Eucalyptus sideroxylon, commonly known as mugga ironbark, or red ironbark is a small to medium-sized tree that is endemic to eastern Australia. It has dark, deeply furrowed ironbark, lance-shaped adult leaves, flower buds in groups of seven, white, red, pink or creamy yellow flowers and cup-shaped to shortened spherical fruit.

==Description==
Eucalyptus sideroxylon is a tree that typically grows to a height of 25-35 m and forms a lignotuber. The bark is dark grey to black, deeply furrowed ironbark on the trunk and larger branches, smooth white to grey on the thinnest branches. Young plants and coppice regrowth have lance-shaped to oblong or linear leaves that are 30-110 mm long and 5-35 mm wide. Adult leaves are lance-shaped, the same shade of green on both sides, 50-140 mm long and 10-40 mm wide tapering to a petiole 5-25 mm long. The flower buds are arranged in leaf axils on an unbranched peduncle 7-29 mm long, the individual buds on pedicels 3-15 mm long. Mature buds are oval or diamond-shaped, 6-15 mm long and 4-6 mm wide with a conical to beaked operculum. Flowering occurs from April to December and the flowers are white, red, pink or creamy yellow. The fruit is a woody cup-shaped to shortened spherical capsule 5-11 mm long and 5-10 mm wide with the valves below the level of the rim.

==Taxonomy and naming==
Allan Cunningham recorded the name Eucalyptus sideroxylon in Thomas Mitchell's 1848 Journal of an Expedition into the Interior of Tropical Australia but did not provide a description of the plant. The first formal description of the species was published in 1887 by William Woolls in Proceedings of the Linnean Society of New South Wales. The specific epithet (sideroxylon) is derived from the ancient Greek words sidēros (σίδηρος), meaning "iron" and xylon (ξύλον), meaning "wood".
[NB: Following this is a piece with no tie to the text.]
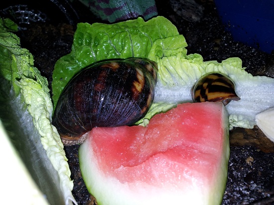 ?!Meine caramellfarbene Achatina achatina gestern Abend beim Putzen.

Two subspecies of E. sideroxylon are accepted by the Australian Plant Census as at December 2019:
- Eucalyptus sideroxylon subsp. improcera A.R.Bean is a small, stunted tree and has shorter, wider leaves than the autonym and longer flower buds;
- Eucalyptus sideroxylon A.Cunn. ex Woolls subsp. sideroxylon.

==Distribution and habitat==
Mugga ironbark is widespread and often abundant in woodland from south-eastern Queensland through New South Wales to Victoria. Subspecies improcera is only known from the Barakula State Forest north-northwest of Chinchilla.

==Uses==
The leaves are used in the production of cineole based eucalyptus oil.

Apiarists in New South Wales place hives in red-ironbark woodlands to collect the honey.

==Chemistry==
Molecules produced by plants in case of pathogens attacks are called phytoalexins. Such compounds can be implied in the hypersensitive response of plants. High levels of polyphenols (stilbenoids and ellagitannins) in E. sideroxylon wood can explain its natural preservation against rot.